To Forgiven: May 06 - March 07

   I stand, crying, on the side of the road. My
heart aches, so raw and broken, deep within
my chest. Such a pain, on could never express.
I can't breathe, can't draw in any air to
my thirsty lungs. I can't speak, can't see
anything amidst the tears. Your body.
   If Charlie Chaplin had been a cat, he
would have been Forgiven, my Forgiven, my
baby.
   And here I stand, crying on the side of
the road. I can't breathe, can't speak, I
don't understand. My heart, my soul, can't
take this pain. Your lifeless body resting in
the grass. Poor baby, my baby.
   My Forgiven.

Saturday, October 27, 2012

Caught

   Caught between your lies and my heart.
I loved you so much, but you tore us apart.

Friday, October 26, 2012

Look

   If you loved me, you
would look into my
eyes and realize you
are killing me inside.
   Love kills the soul
and then destroys
the mind. It shatters
the world and leaves
it thirsty and blind.
   When will it finally
be my turn to be
happy?

Thursday, October 25, 2012

For all Eternity

  If love is true it will last for an eternity.
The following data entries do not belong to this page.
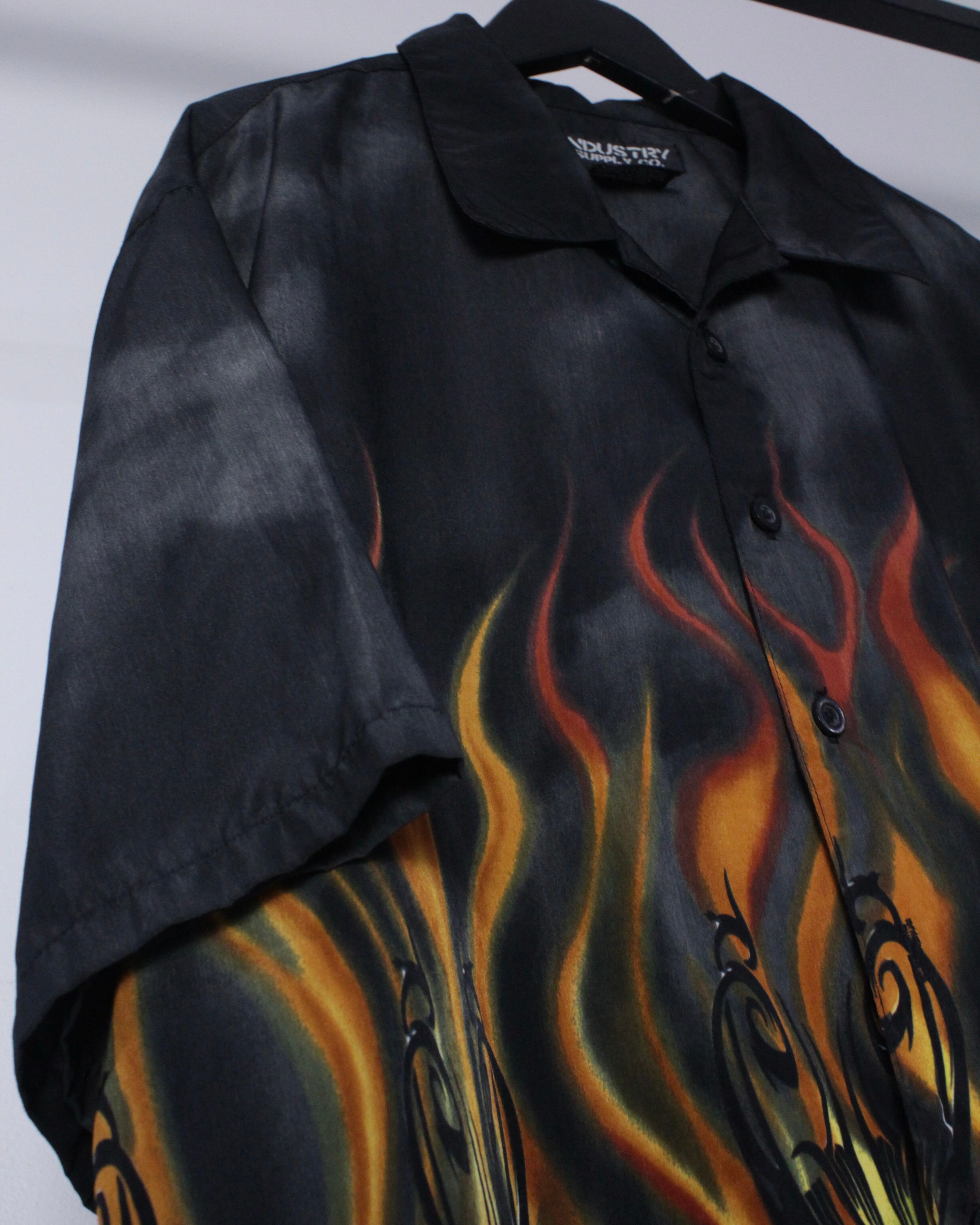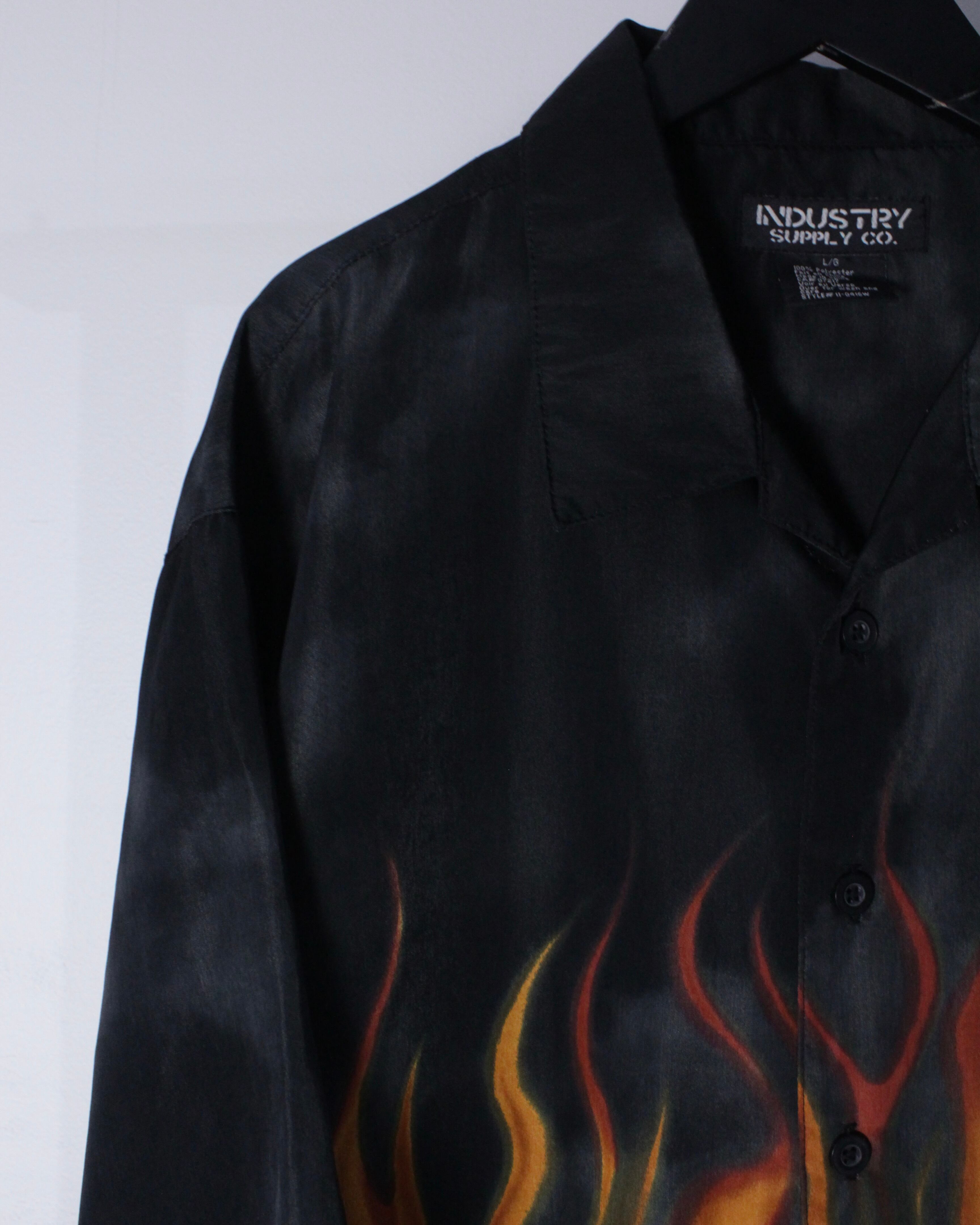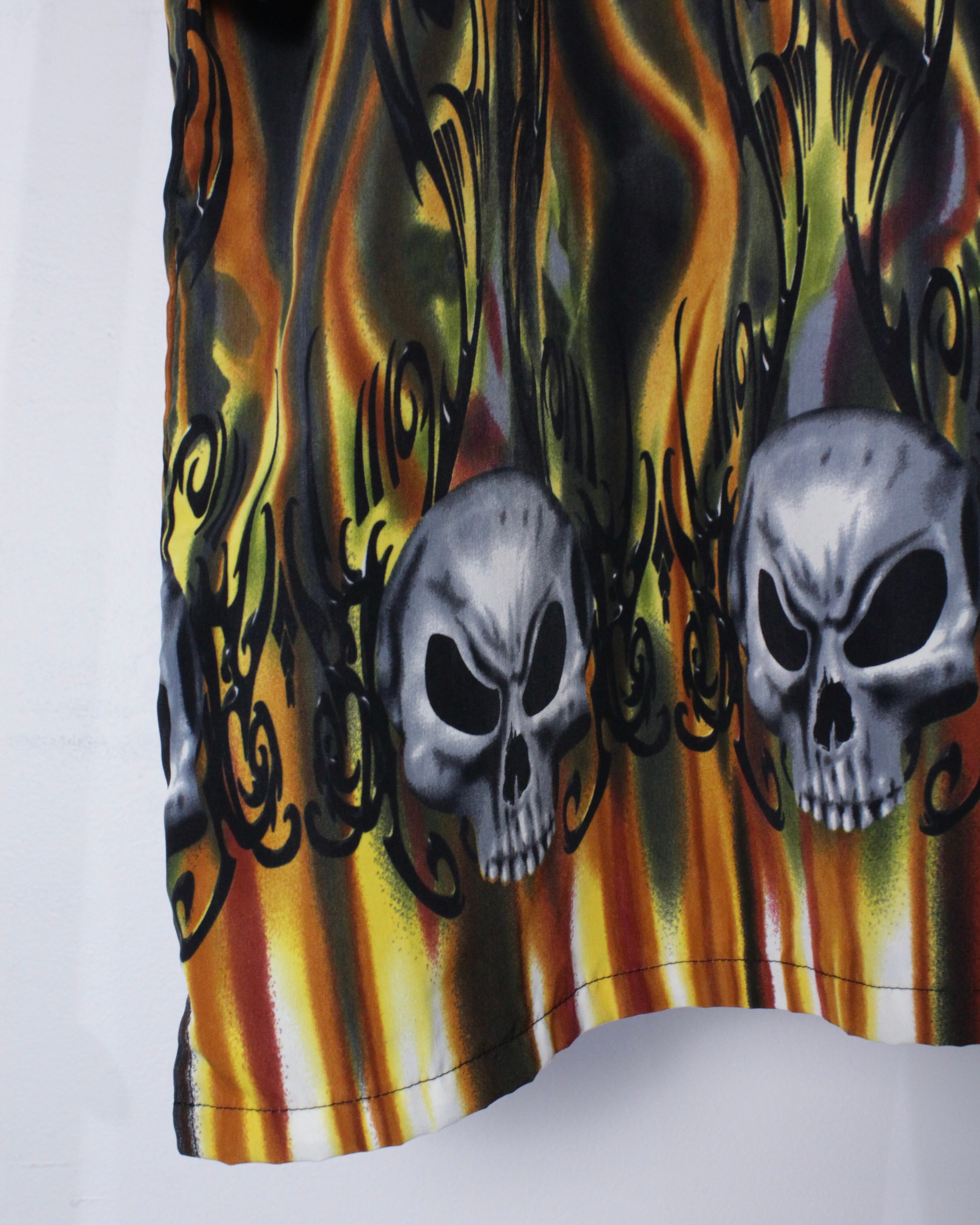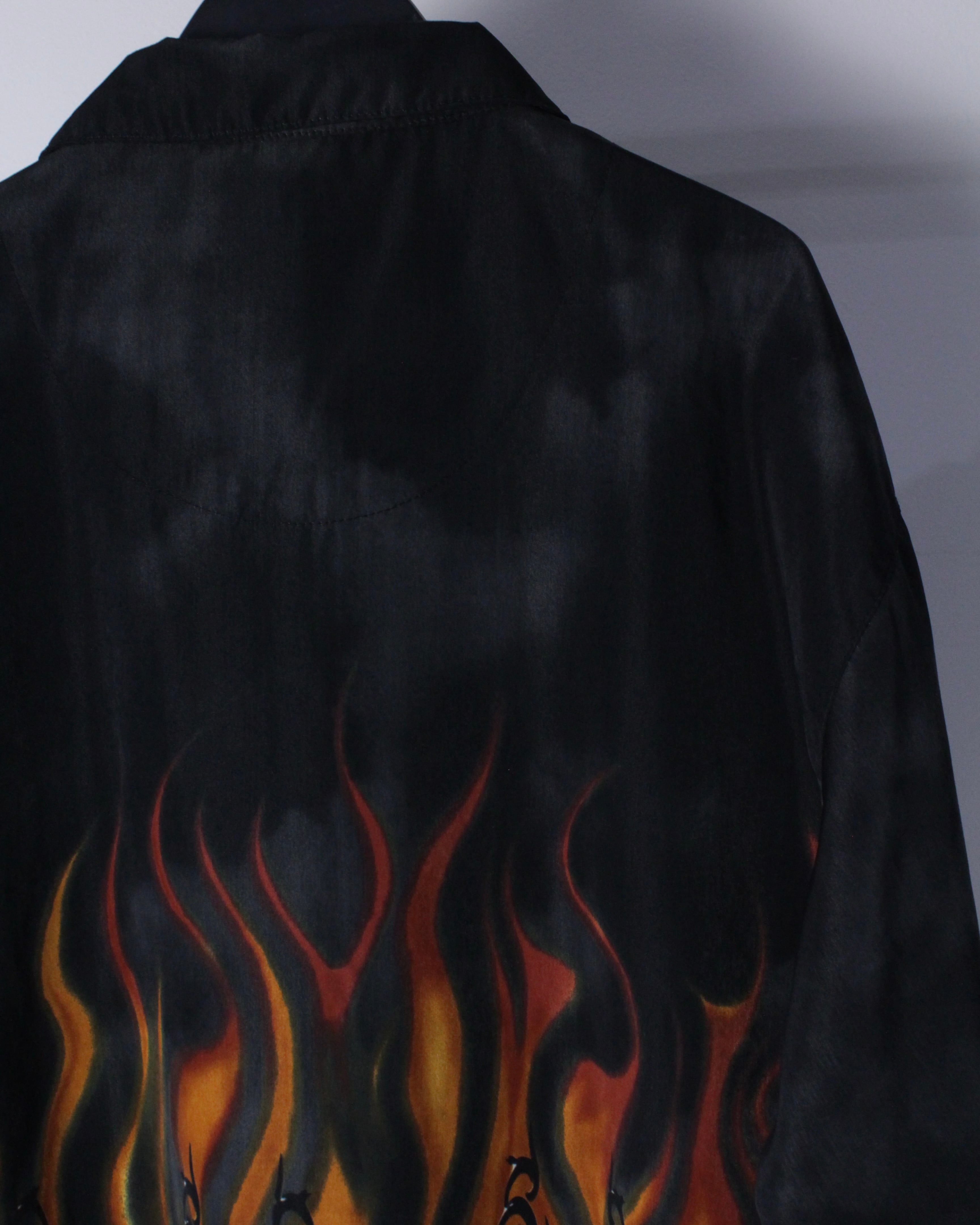 ブラックのボディをベースに、ファイヤーパターン×スカルを載せた、抜群の存在感を放つ半袖オープンカラーシャツ。
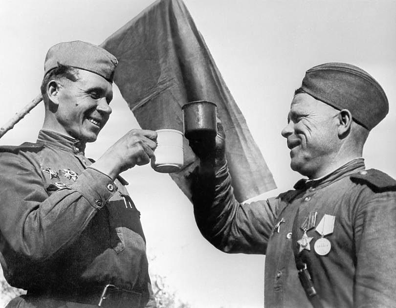 Стал я смотреть в бинокль. Пристально смотрю в сторону противоположной деревни, где засели немцы. У нас-то, думаю, победа, а у них — что? Вижу: мостик штормовой между нашей и их деревней, и там, за мостиком, виднеется белое полотнище. Сдаются! Твою мать! — сдаются! Тишина. Ни голоса, ни выстрела. И верится уже, что все, конец войне, и не верится. До слез!!..»
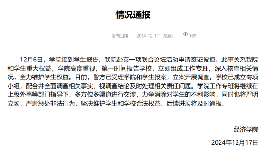 17日下午,浙江大学经济学院在校内网发布情况通报,称针对“赴英一项联合论坛活动申请签证被拒”,目前,学院已第一时间报告学校,立即组成工作专班,深入核查相关情况。警方已受理学院和学生报案,立案开展调查。学校已成立专项小组,配合并全面调查相关事实,视调查结论及时处理相关责任问题。
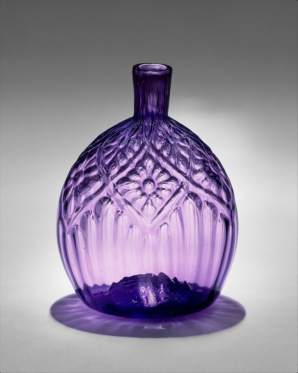 Voulant contrer la domination des importations européennes, Henry William Stiegel, entrepreneur américain, fonda l’American Flint Glass Manufactory à Manheim, en Pennsylvanie. Ses artisans, tous immigrants, sont à l’origine des premiers services de table élégants du Nouveau Monde. Outre le verre incolore, la manufacture produisit des verres aux riches coloris améthyste et bleu cobalt. La marguerite enfermée dans un diamant qui décore ce flacon est probablement copiée d’un motif populaire en cristallerie.

Never letting go, holding on forever, chorusing through the lover's veins.
   Grasping, straining, reaching for each other. Believing in the wonders of love. Touching each other's souls with tender fingertips.
   The stars do not shine, except when they are with each other. Kisses and hugs don't even begin to express the heart's true feelings.
   The voices of love combine with guitar's strumming. They crescendo to a lovely, haunting, pitch. Even the yellow daisies turn to listen.
   If love is true it will last for an eternity. Never letting go, holding on forever, chorusing through the lover's veins.

Wednesday, October 24, 2012

Simply Put

   When the day's light is dimming and the night's candles
are lit, I will carry on loving you. Forever and always.

Tuesday, October 23, 2012

Monday, October 22, 2012

The Sunrise

   Rises each morning from her shadowy bed. Rising
to greet the world with warmth and light.

Sunday, October 21, 2012

Seas

   Raining o'er a white capped
sea, clouds blacken and thunder
rolls. Lightning is like wandering
ghosts cast of the heavens
with a flash.
   The waves roll o'er top of
each other, smothering the one
below.

Saturday, October 20, 2012

Sundown

   Sunlight disperses evil intent, which moonlight conjures it like
a witch.
   The dark hides the thoughts and drowns out cries. Everything
is hidden from naive eyes.
   Evil flies on the wings of the dawn, while wickedness follows
the heels of sundown.

Friday, October 19, 2012

Grasping Ocean Floors

   I'm sinking deeper, tied down and drowning.
Falling farther than ever before. The water is
cool here, calming my heart here.
   I'm slipping under, trying to grab onto my last
breath. Sleep, no longer fleeting, death sweet
and calming. Gently lift me, floating and crying.
   I'm dancing under, crawling down deeper. Tied down
and drowning, cool here. I'm not seeing anything,
except the water around me, covering my soul.
   I'm falling farther, emptying all I know. Collapsing
under the pressure I'm feeling. Caressing the
bottom, grasping the ocean's floor.
   I'm sinking deeper, tied down and drowning.
Falling farther than ever before. The water is
cool here, calming my heart here.
   When I die, I'll slip further into deep rest.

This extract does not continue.